Kilians feindselige Haltung wich einem mehr als nur überraschten Blick, als er spürte, wie seine Energie sich in Luft aufzulösen schien. Er versuchte nach Rias Nacken zu greifen, doch sie war schneller aus seiner Reichweite verschwunden als er erwartet hatte.

„Wenn du hier Gast sein willst, solltest du den Gastgebern gegenüber freundlicher sein", mahnte sie ihn belehrend. „Du siehst blass aus. Trink doch noch etwas."
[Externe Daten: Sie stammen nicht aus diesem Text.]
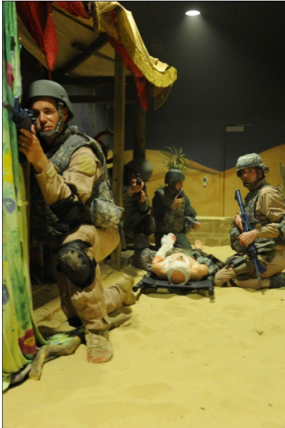
Victim Staging Area
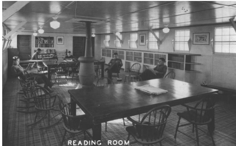
Figure 11. One of the recreations of CCC enrollees was reading.

Putting an article in the newspaper with some historical photographs "turned up" these photographs through the kindness of the two donor-brothers, photographs of great value to our collection. From time to time, I meet visitors or receive calls from other people who want to share their memories or photographs or other items from their personal historical connection to our park. Because of such people, we continually learn more about our park's history. Some people donate items; others let us scan or copy pictures.
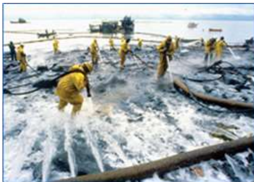
Made by the same team of Scientists that cleaned The Exxon Valdez Oil Spill.

BOSS + Drain Care is more powerful than any other product on the market and safe for humans, plumbing, plants, animals & the environment. Easy to use, just pour into toilets & drains and let it do it's work!
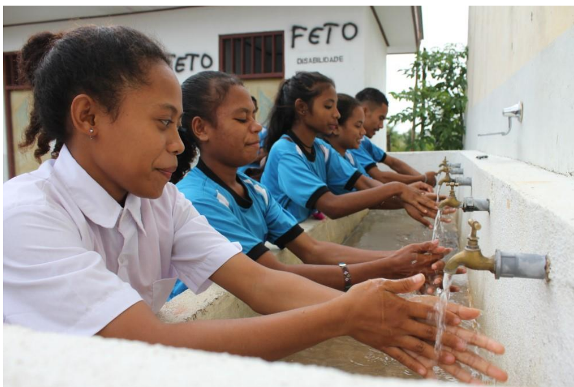
The FoSC WASH project has ensured the Suai school community has access to running water and toilets

Although cases of COVID-19 in Timor-Leste remain low, the land border between Covalima district and Indonesia continues to pose a threat. At the CCC, the staff have implemented safe practices around handwashing, cleaning and social distancing. They will continue to role-model behaviour, share information and provide training to communities.
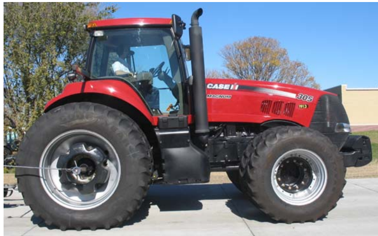
CASE IH MAGNUM 305 DIESEL
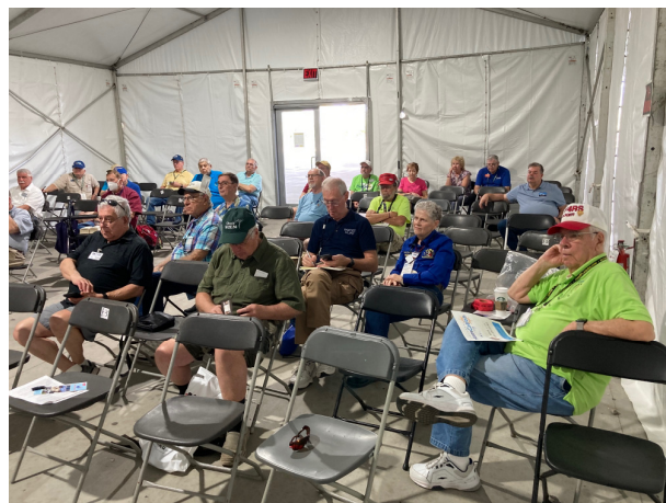
QCWA FORUM AT 2023 HAMCATION
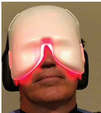
Figure 2. The mask application during LLLT.

I like LLLT because it is efficacious and easy to perform. Further, unlike IPL, LLLT can be effective regardless of the patient's skin color, and it can be repeated if patients do not
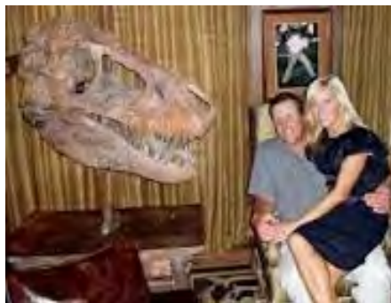
Phil & Amy Mickelson & the dinosaur head
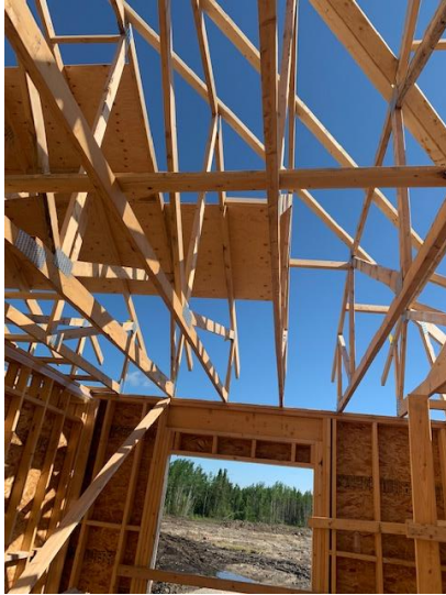
Roof Framing – East Wing

Unter Kilians feindseligem Blick kehrte sie zu ihrem Platz zurück. Eleasar warf ihr einen langen, undefinierbaren Blick zu.

„Ich wüsste zu gerne, wie du das gemacht hast."

Alle Blicke richteten sich auf Marjan, der Ria interessiert musterte, die ihn ihrerseits fragend ansah. „Was habe ich denn getan?"

Lächelnd nahm der König einen Schluck roter Flüssigkeit zu sich. „Er war kurz davor, dich anzugreifen, konnte sich aber nicht bewegen."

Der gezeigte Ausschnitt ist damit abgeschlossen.